= 2010 FIFA World Cup qualification – UEFA second round =

Football tournament qualification stage

The UEFA second round was contested by the best eight runners-up from the nine first-round groups from the UEFA segment of the qualification tournament for the 2010 FIFA World Cup in football. The winners of each of four home and away ties joined the group winners in the World Cup in South Africa. The matches, which are often referred to as 'play-offs', were played on 14 and 18 November 2009. The draw for the ties was held in Zürich on 19 October, with the teams drawn by South African player Steven Pienaar.

==Qualification==

The eight best runners-up from the UEFA first round qualified for the play-offs. As group 9 had five teams and the others had six, matches against the sixth-placed team in the group were not included in this ranking (although Norway ended up with the fewest points anyways)

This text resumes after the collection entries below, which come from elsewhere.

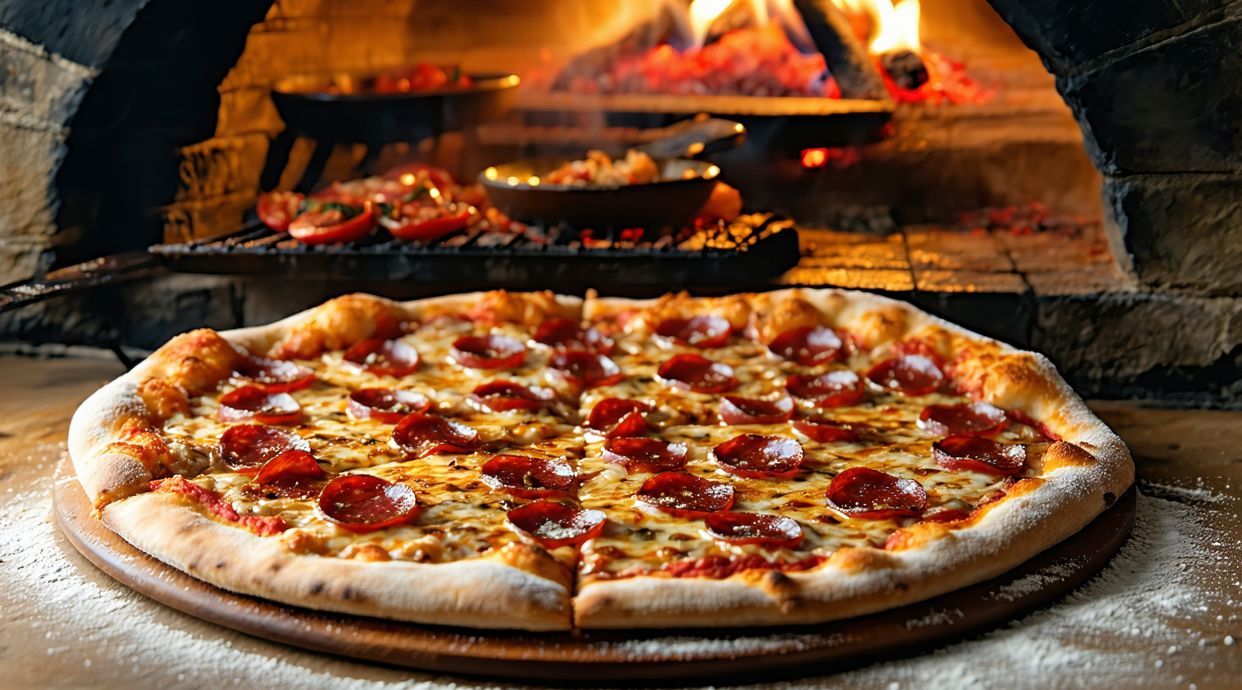 Salsa de tomate, mozzarella, setas horneadas, cebolla, maíz, jamón york, bacon y nata
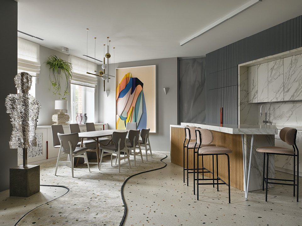 Светлана и Илья Хомяковы уже работали с заказчицей над проектом, который носил кодовое имя “квартира-огонь” и был опубликован на обложке сентябрьского номера AD в 2018 году. В нее она переехала из предыдущей квартиры, которую сразу передала в работу Хомяковым с просьбой сделать непохожей на предыдущую. “Если там все роскошно, ярко, много антиквариата и искусства, то здесь она хотела что-то современное и лаконичное, но при этом жизнерадостное”, — рассказывает Илья. Основная сложность была в конструкции дома — у него скошенные углы, отсюда и неудобные планировки квартир, в которых практически невозможно сделать помещения правильных форм. Локально переделывать ремонт середины нулевых не имело смысла, поэтому архитекторы решили снести все до бетонной коробки и отстроить заново. “Концептуальная идея этого проекта — единение архитектуры дома и интерьера, — поясняет Илья. — Здесь невозможно было использовать классические декоративные приемы, поэтому мы отталкивались именно от пространства, которое дополняли и подчеркивали при помощи цвета и форм”. Отсюда и многочисленные линии на полу, и сложносочиненные ковры, и плавные формы мебели. При этом квартира не выглядит расплывчато. Строгость ей придают вертикальные рейки и геометричные предметы, большую часть которых Хомяковы придумали сами. “Все арт-объекты и искусство появляются в наших интерьерах еще на стадии эскизов, — говорит Светлана. — Начиная работу над любым проектом, мы очень много общаемся с заказчиком, чтобы учесть его пожелания и потребности. В данном случае она просила добавить много уникальных предметов”.
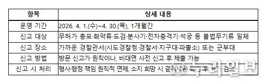 (누리일보) 경찰청은 불법무기류로 인한 범죄와 사고를 미리 방지하기 위하여 국방부 및 행정안전부와 합동으로 4월 1일부터 30일까지 한 달간 '2026년 1차 불법무기류 자진신고 기간'을 운영한다.
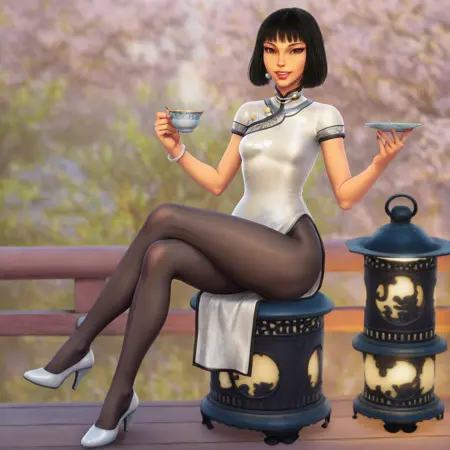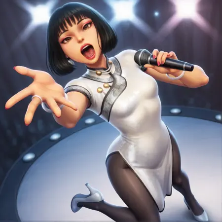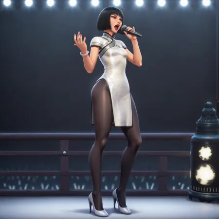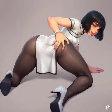 P_Yuki, bob cut, black hair, brown eyes, small breasts, wide hips, makeup, lips, white china dress, buttons, black pantyhose, high heels, white bracelet,
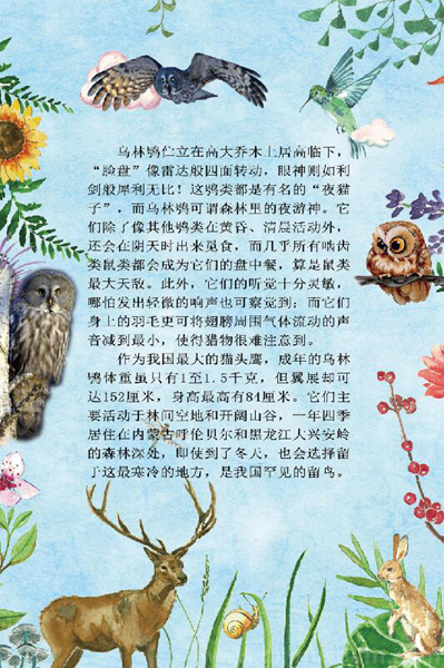 作为我国最大的猫头鹰,成年的乌林鸮体重虽只有1至1.5千克,但翼展却可达152厘米,身高最高有84厘米。它们主要活动于林间空地和开阔山谷,一年四季居住在内蒙古呼伦贝尔和黑龙江大兴安岭的森林深处,即使到了冬天,也会选择留于这最寒冷的地方,是我国罕见的留鸟。
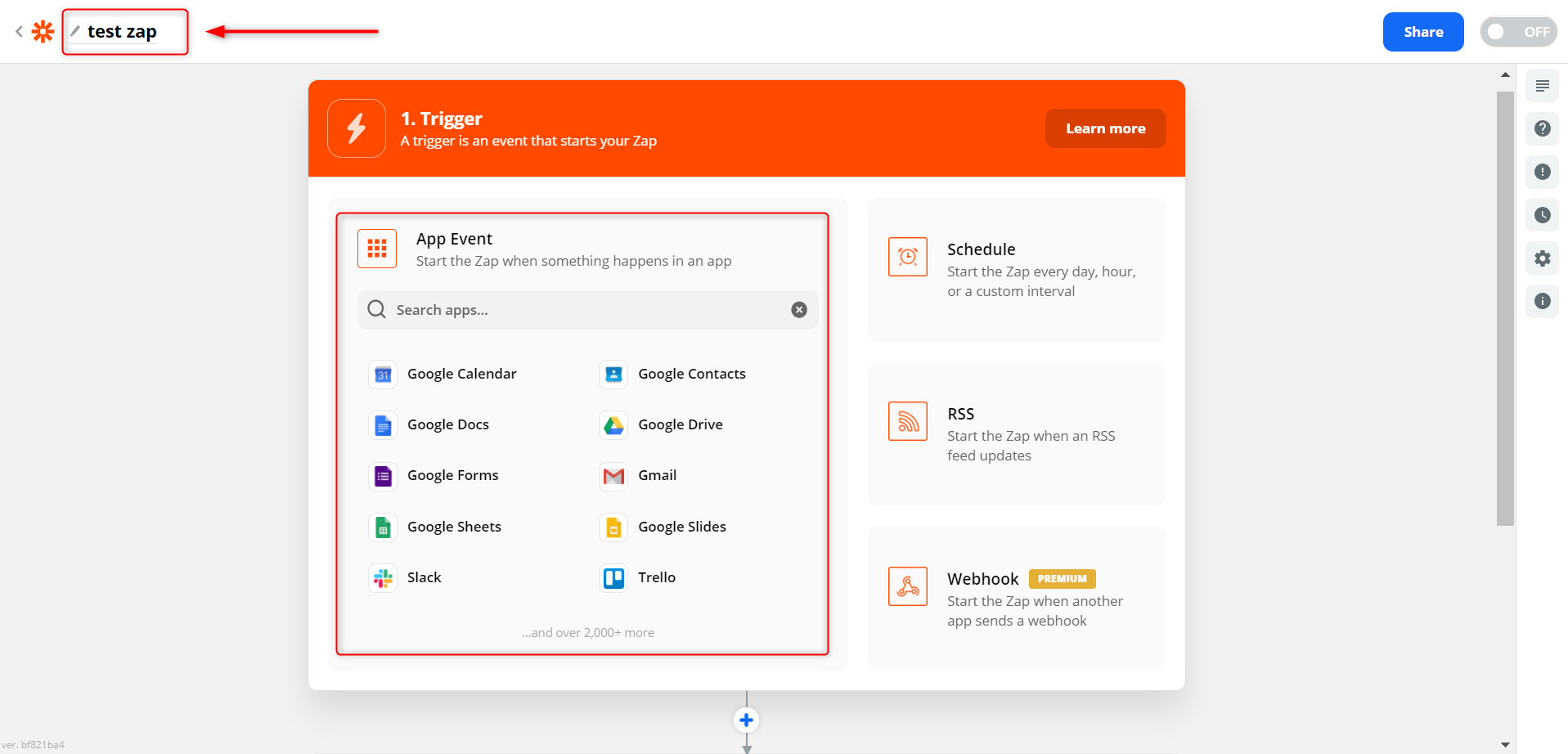 まず、こちらの画面で左上部分からこの自動化したい作業に名前をつけます。名前をつけたら、画面中央の「Trigger」を設定していきます。Googleタグマネージャーを使用する方なら馴染みがあるかもしれませんが、トリガーという部分です。今回は「Gmailにマーケティング情報の新着メッセージがきたら~」をアクションのきっかけにしたいので、中央の赤枠部分から「Gmail」を選択して下さい。
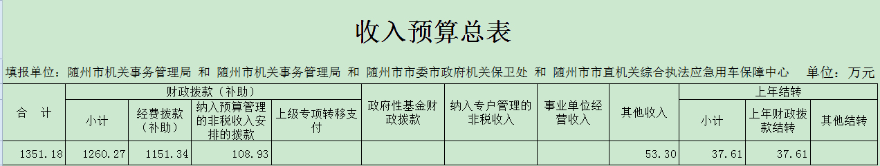 1、本部門匯總收入預算1351.18萬元,其中,財政撥款1260.27萬元(經費撥款1151.34萬元,非稅收入撥款108.93萬元),其他收入53.30萬元,上年結轉37.16萬元。本部門2016年新增二級單位1個(市直機關綜合執法應急用車保障中心),預算數據與上年無可比性。
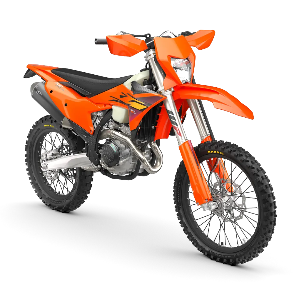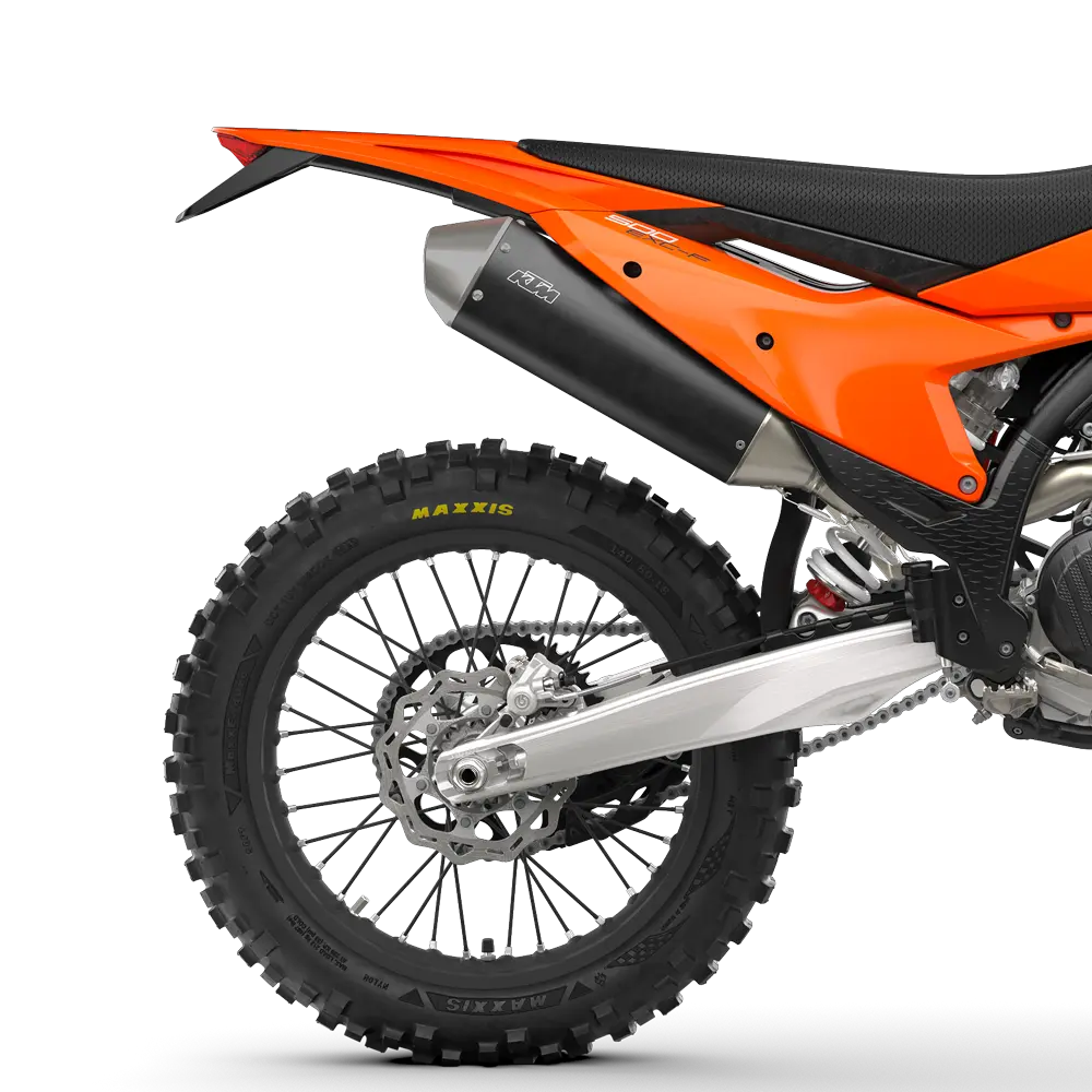 The KTM 500 EXC-F rolls on a set of high-strength GIANT alloy wheels coupled to CNC-machined hubs and aluminum nipples. These are wrapped in a set of ultra-grippy Maxxis MaxxEnduro tires providing exceptional traction in all conditions.
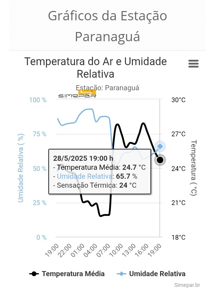 Carlos Campos Posted May 28, 2025 at 10:16 PM Share Posted May 28, 2025 at 10:16 PM Em 28/05/2025 em 18:42, JOÃO MARCOS disse: A temperatura caindo bem Estamos simplesmente com 6°C a mais do que vcs aí em Guarapuava. Infelizmente o posicionamento da baixa sobre o RS está trazendo ar aquecido para o leste, mesmo com ventania contínua de NW. Pra ter uma idéia, Paranaguá - cerca de 90 km à leste de Curitiba tem 25°C agora (19h). Enquanto isso no oeste, Cascavel está com 7°C e Maringá no noroeste está com 11°C. Garoa forte agora e vento soprando com bastante vontade. A previsão de 8°C pra esta noite pode se concretizar nos sonhos de alguém, mas provavelmente só assim. Tem um mapa que o Simepar disponibilizou e mostra claramente o contraste térmico no estado (e no Centro-Sul) É das 17h (duas horas atrás) mas dá uma idéia da situação. As cores realçadas - que eles adoram - e eu não, estão bem didáticas hoje. Risquei alí um erro de temperatura no MS. Está mais frio por lá do que por aqui. Amanhã talvez mude o quadro. 14 Link to comment Share on other sites More sharing options...
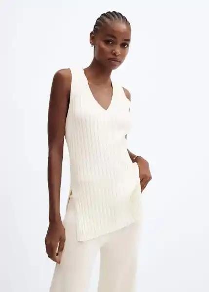 Cuello Pico Diseño Entallado Punto de Canalé Sin Mangas Tejido de Punto Fino - 57017721_05.
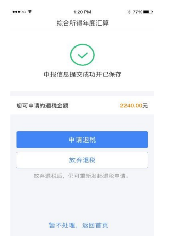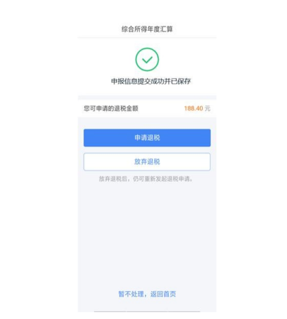 如果您的银行卡不在身边,或者暂时不想退税,可以点 击【暂不处理,返回首页】。后续可再次发起退税申请。
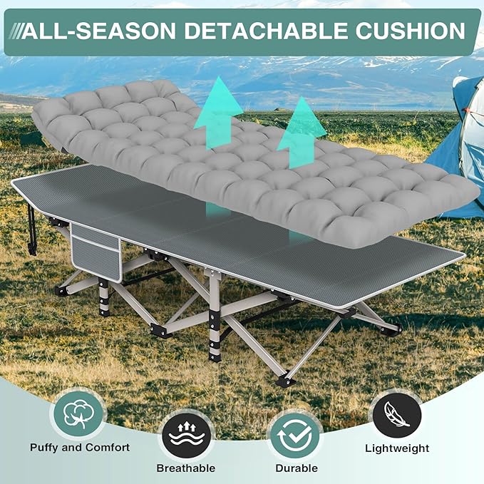 ZENPETIO Camping Cot for Adults, Portable Foldable Camp Bed with Mattress & Carry Bag, Outdoor Sleeping Cots for Camping, Travel, Home, Office, 2025 Updated
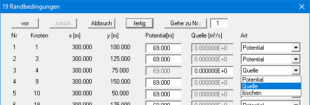 Sie können hier gleichzeitig an verschiedenen Knoten die Potentialwerte verändern, Potentiale in Quellen umwandeln oder Potentiale löschen. Die gewählten Änderungen werden durchgeführt, wenn Sie die Dialogbox mit "fertig" verlassen.
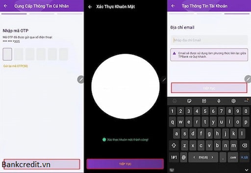 - Bước 5: Nhập mã OTP được gửi vào số điện thoại mà bạn cung cấp ban đầu để xác thực. Tiếp tục lia Camera khuôn mặt theo sự hướng hướng dẫn để hệ thống đối chiếu. Sau đó nhập địa chỉ Email cá nhân và bấm tiếp tục.
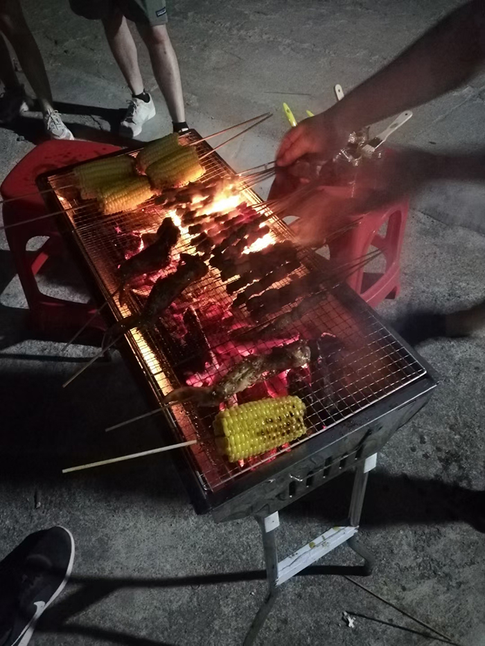 傍晚,我們回到民宿地,分享燒烤,啊,那香啊,鉆入鼻子,讓人神清氣爽,蕩氣回腸;那香啊,調(diào)皮地觸摸了一張張笑臉,讓人感受到生活的特殊香味。
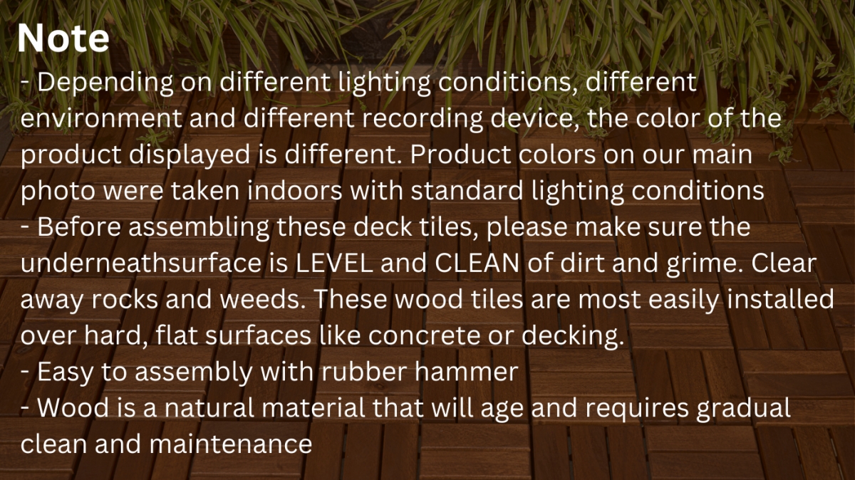 - Waterproof & Anti Mildew and Mold: Wood Deck Tiles were sanded with 240-grit sanding paper and then finished with water-based oil, which helps them Waterproof & Anti Mildew and Mold

| Pos | Grp | Team | Pld | W | D | L | GF | GA | GD | Pts | Qualification |
| 1 | 4 | Russia | 8 | 5 | 1 | 2 | 15 | 6 | +9 | 16 | Advance to second round (play-offs) |
| 2 | 2 | Greece | 8 | 5 | 1 | 2 | 16 | 9 | +7 | 16 |
| 3 | 6 | Ukraine | 8 | 4 | 3 | 1 | 10 | 6 | +4 | 15 |
| 4 | 7 | France | 8 | 4 | 3 | 1 | 12 | 9 | +3 | 15 |
| 5 | 3 | Slovenia | 8 | 4 | 2 | 2 | 10 | 4 | +6 | 14 |
| 6 | 5 | Bosnia and Herzegovina | 8 | 4 | 1 | 3 | 19 | 12 | +7 | 13 |
| 7 | 1 | Portugal | 8 | 3 | 4 | 1 | 9 | 5 | +4 | 13 |
| 8 | 8 | Republic of Ireland | 8 | 2 | 6 | 0 | 8 | 6 | +2 | 12 |
| 9 | 9 | Norway | 8 | 2 | 4 | 2 | 9 | 7 | +2 | 10 |  |

==Seeding and draw==

In September 2009, FIFA announced that they would be seeding teams for the play-off draw. The eight eventual qualifiers were seeded according to the world rankings released on 16 October 2009. The top four teams were placed into one pot, with the bottom four teams placed into a second. A separate draw was conducted between each matchup to decide the host of the first leg.

===Seeding controversy===

Seeding using FIFA ranks was used at a similar stage in the 2006 qualification. However, it was claimed that FIFA had indicated that there would be no seeding this time. At the time of the decision, countries in play-off positions included Russia, France and Portugal, and Germany also had not yet qualified (their last remaining match was away to Russia). The lack of a decision on seeding until late in the tournament led some to suggest that FIFA were waiting to see which teams were in the play-offs before declaring the rules of the tournament. Commenting on this matter, Republic of Ireland goalkeeper Shay Given said:
It’s totally unfair on us smaller nations. If they say that before a ball is kicked then at least you know the picture, you know exactly where you stand but to change it now is absolutely ridiculous and I don’t think it’s right at all.
Sports Illustrated's Gabriele Marcotti gave the opinion that "FIFA is pretty much changing the rules halfway through the qualifying tournament."

===Seedings===
The eight teams were seeded according to the FIFA World Rankings released on 16 October (shown in parentheses in the table below).

Pot 1 (seeded)
| Team | Rank |
|---|---|
| France | 9 |
| Portugal | 10 |
| Russia | 12 |
| Greece | 16 |

Pot 2 (unseeded)
| Team | Rank |
|---|---|
| Ukraine | 22 |
| Republic of Ireland | 34 |
| Bosnia and Herzegovina | 42 |
| Slovenia | 49 |

==Matches==

France won 2–1 on aggregate.

Ireland officially asked FIFA for the second leg to be replayed after Thierry Henry clearly handled the ball twice during the build-up to the French goal. This request was denied. Ireland eventually pursued legal action against FIFA over the decision before ultimately receiving a €5 million settlement.
----

Portugal won 2–0 on aggregate.
----

Greece won 1–0 on aggregate.
----

2–2 on aggregate; Slovenia won on away goals.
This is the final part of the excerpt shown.